Days after the June 12, 1993, presidential elections and in the aftermath of the announcement of most of the results, Ibrahim Badamosi Babangida, the self-styled military president and umpire-in-chief of the elections annulled the results, earning for himself eternal condemnation in the hearts of democrats in Nigeria and the world. Babangida was derided by the press and political commentators for the annulment of the electoral contest that was adjudged Nigeria’s fairest and freest. But as the elections and the events that occurred in connection with it come under review again in the backdrop of the announcement of the date, June 12 as a bank holiday, “democracy day” in Nigeria and the insinuations made as to it being an unfortunate political strategy deployed by the President to shore up his waning popularity in an allied constituency, a more comprehensive audit of the causative factors ought to be taken in order for all Nigerians to come to terms that June 12 was indeed a national tragedy as it was a national blessing. There appears to be no dispute that the June 12 presidential elections constituted one of Nigeria’s finest moments, an event in which tribe, ethnicity, and religious affinity were relegated and jettisoned for better considerations. Chief Abiola and his running mate were Muslims but they won in Christian enclaves such as Delta, Anambra, Akwa Ibom and Cross River. They also won in Kano State, Bashir Tofa’s home state.

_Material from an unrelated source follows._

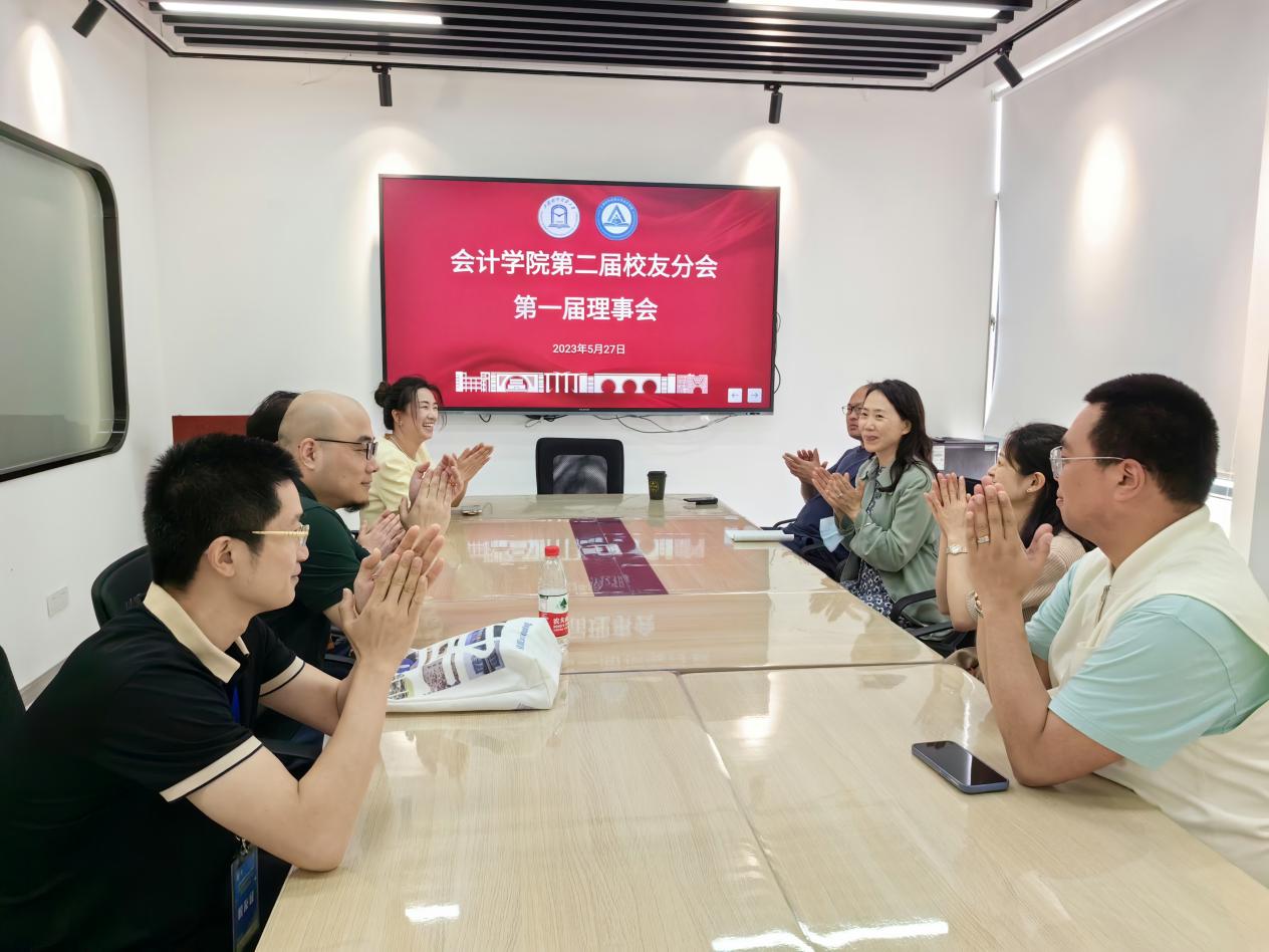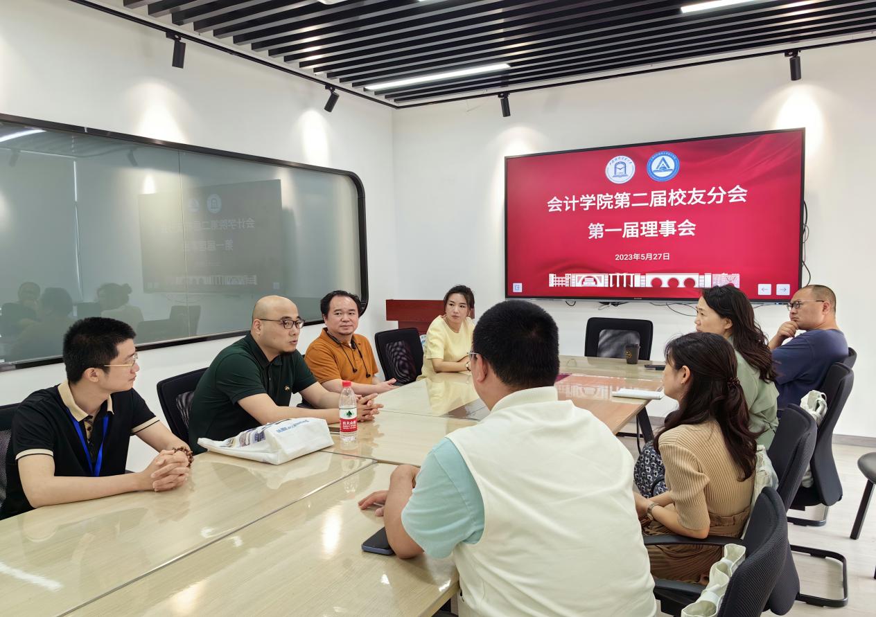 会计学院第二届校友分会召开了第一届理事会选举产生了会计学院第二届校友分会会长、副会长、秘书长和副秘书长,讨论确定了每位理事的工作分动,并畅谈了校友分会下一步工作计划。

Gen. Ibrahim Babangida let it be known that though he was ultimately responsible for the annulment of the elections, he had been warned at the pain of losing his life against handing over to Chief Abiola by military officers such as Gen Sani Abacha, Lt. Gen. Joshua Dogonyaro, and Brig. Gen David Mark. According to the military president, these men were also prepared to kill Chief Abiola in the event he was sworn in as president. And then the horse trading and betrayals followed. Baba Gana Kingibe, Ebenezer Babatope and other members of Chief Abiola’s Social Democratic Party assured the world that they and their leader had agreed to forego June 12 and form a government of national unity. They, therefore, agreed to be drafted into national offices under Ernest Shonekan, a Christian from Chief Abiola’s Ogun State. Many legal scholars at the time argued that with the exit of Baba Gana Kingibe, Chief Abiola’s vice presidential candidate, the mandate given to their joint ticket had been undermined irreversibly. Again many SDP stalwarts swore that Chief Abiola had consented to his party men’s inclusion in the proposed government of national unity, a claim that was denied by Chief Abiola. Apart from this development, the National Republican Convention’s governors who had been elected and sworn into office about sixteen months before the June 12 elections vowed to secede from the Nigerian State, if the election results were released and Chief Abiola was announced as the winner, not minding their disparate geographical locations. Of course, certain that the results of the contest were not in their favour, Tofa’s NRC joined the cacophony of negative voices demanding the nullification of the results of the contest. Not to be outdone, the ethnic and religious bigots who had gone to sleep or been lulled into momentary patriotism by the fervor of the moment realised their “error” and took firm positions behind Gen. Babangida and all those who desired to undermine the best electoral contest Nigeria had experienced.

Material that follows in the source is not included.